Table 3: Mean ± standard error of number of deposited eggs, number of undeveloped eggs and percentage of undeveloped eggs obtained from the oviposition of adult females emerged from young pupae of D. saccharalis treated with neem oil extract in experimental conditions.
Treatments | Number of deposited eggs | Number of undeveloped eggs | % of undeveloped eggs |
---|---|---|---|
0.0% | 3760.0 ± 40.4a | 358.70 ± 7.5a | 9.54 ± 0.3a |
0.3% | 1932.00 ± 19.1b | 368.30 ± 3.7a | 19.07 ± 0.4b |
0.5% | 1670.00 ± 28.0c | 470.70 ± 8.4b | 28.18 ± 0.2c |
1.0% | 546.30 ± 33.5d | 250.00 ± 8.6c | 45.90 ± 1.2d |
2.0% | 248.70 ± 8.2e | 248.70 ± 8.2c | 95.95 ± 1.7e |
Means of each line followed by the same letter are not statistically different by the Tukey’s test (p > 0.05).
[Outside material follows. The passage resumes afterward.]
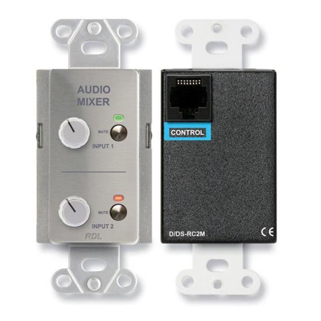 The D-RC type remote audio mixing controls provide user-accessible volume knobs for two or three sources. Each control is available with level controls only, or with level controls plus a muting button for each channel. They function exactly as a mixer without the need to send audio to and from the remote location. A rear-panel RJ45 jack provides the connection for standard twisted-pair wiring between the remote control and an RDL remote-controlled mixer. The cable sends the knob position and muting status data to the mixer. All audio signals remain local to the mixer which uses VCA technology to set the mixer levels. A long life 10 kΩ potentiometer is used in the control for setting the VCA voltage. Muting models provide a MUTE button for each mixer channel that alternately mutes or un-mutes the audio. An LED MUTE indicator glows red when the signal is muted and turns green when the audio channel is active. Each model is offered in a standard RDL white front panel or in stainless steel with custom lettering available. These finishes match other RDL remote selectors and jack plates for a visually appealing installation of multiple controls.

Studies with azadirachtin or neem oil on Lepidoptera also demonstrated changes in fertility and fecundity of S. littoralis (PINEDA et al., 2009), anti-oviposition and ovicidal effects against E. cautella (SHEHU et al., 2010), ovicide with changes in the embryonic development against D. saccharalis (SILVA et al., 2013) and extended embryonic period in D. saccharalis (OLIVEIRA et al., 2013).
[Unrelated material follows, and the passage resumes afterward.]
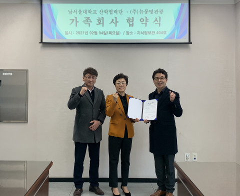- 이미경 뉴동명관광 대표(가운데)와 황규일 남서울대 교수(오른쪽)가 재직자 위탁 교육, 대학 컨벤션 시설 이용 등을 위한 산학협력식에서 기념 촬영을 하고 있다

In this work, the fecundity of females from the YP group and the viability of deposited eggs decreased with higher doses of the neem extract, probably because azadirachtin inhibits oogenesis and the production of ecdysteroids (REMBOLD; SIEBER, 1981) synthesized by follicular cells during ovarian development and later incorporated into the eggs (GLASS et al., 1978). The inhibitory action of neem in vitellogenesis (DENARDI et al., 2011) and in the follicular cells by degeneration, hyperplasia and necrosis (EL-BOKL et al., 2010) also justifies the reduction of fecundity and egg viability. KHAN et al. (2007) also observed inhibition in the ovarian development in adults of B. cucurbitae due to reduction of ovarian size after treatment with neem formulations.
CONCLUSION
The neem oil extract altered the pupae morphology and also modified the behavior of adults of D. saccharalis, consequently reducing the viability of each of these stages. Therefore, the neem extract proved to be an efficient control for the stage less sensitive to insecticides, interfering throughout the life cycle of the insect.